Are you game to do things to a turkey that would make most home cooks tremble? If you are, check out our recipe for making a turkey that will knock the socks off your own merry little band of Pilgrims. Like our kitchen and bath advice, some of it goes against common wisdom. Well, there’s nothing common about Riverbend Home – or about you. Happy Thanksgiving!
1. Give it a nice salt-water bath. Brining is the best way to produce tender, juicy white meat. Mix 1C kosher salt, ½ C brown sugar, 2 gallons of liquid (1/2 chicken broth and 1/2 ice water work well) and some fresh sliced ginger, bay leaves, peppercorns, and garlic cloves in a 5 gallon bucket. Brine the turkey in this mixture overnight 8-12 hours, breast side down. It’s important to keep the turkey cold — under 40 degrees — during this process.
When you are ready to prepare the bird for cooking, bring it to the sink, rinse off the brine and pat the turkey dry with paper towels.
2. Shallow is good. Step away from that monster enameled roasting pan: shallow pans circulate heat and air better. Get the bird up on a rack over a large baking sheet or pan. Line it with heavy duty aluminum foil to help with clean-up.
3. Stuff it with flavor. In his book, Good Eats: The Early Years, chef Alton Brown notes: “…as the turkey around [the stuffing] cooks, juices that may contain salmonella bacteria soak into the stuffing, which then must be cooked to a minimum of 165°F in order to be safe. Getting the stuffing to this temperature usually means overcooking the turkey.”
Cooking the dressing you’re going to serve separately offers an opportunity to add flavor to your bird from the inside out. Assemble an aromatic mix: a halved apple, a cut onion, some garlic cloves, a stick of cinnamon, a handful of bay leaves, a piece of ginger, and/or some cloves. Give these “stuffing” ingredients a 5-minute head start in the microwave, let them cool, then add them to the bird’s cavity before it goes into the oven. Discard the mix when the turkey is done.
4. Turn up the heat. Preheat the oven to 500 degrees (yes, you heard us: 500 degrees!). Oil the turkey lightly and cook it on the bottom rack for 30 minutes. Then turn the oven down to 350 degrees. Put a foil tent over the breast for the rest of the cooking period.
And while we’re talking cooking times: There’s no need to get up at 6 am to put in your bird when dinner time is 2 pm. Go get that good digital instant-read meat thermometer. The bird is ready when the temperature reaches 165 degrees at the thickest part of the breast meat and at the joint between the leg and thigh. (The bird will go a few degrees higher as it rests, so there’s no need to build a margin of safety into the cooking time.) It should take about 2 ½ hours for a 14-16 pound bird.

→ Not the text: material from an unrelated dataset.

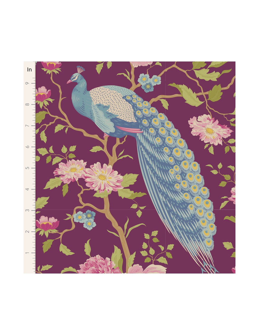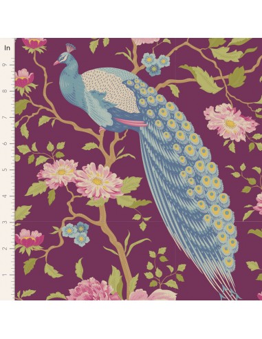 Tilda Chic Escape Peacock Tree Grape, Tessuto Viola con Pavoni
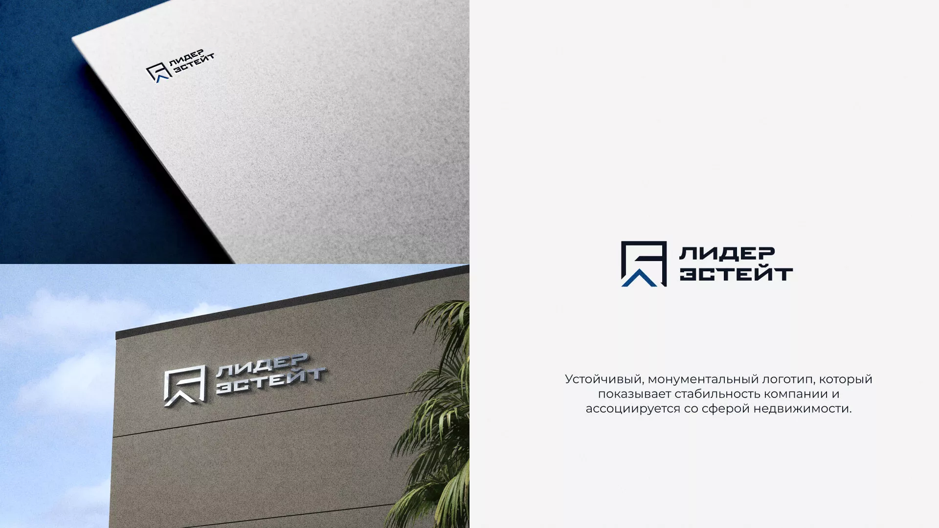 Разработка логотипа в Советске для агентства недвижимости «Лидер Эстейт». Устойчивый, монументальный логотип, который показывает стабильность компании и ассоциируется со сферой недвижимости.

5. A little beauty rest. Here’s how to keep the juices you’ve so carefully preserved from ending up on your cutting board: When you remove the turkey from the oven, leave its foil tent in place and let it rest on a board on your counter at least 15 minutes before carving. The juices will be distributed back through the breast. If you carve too soon the juices will spurt out onto the board (or into grouchy Aunt Edna’s eye).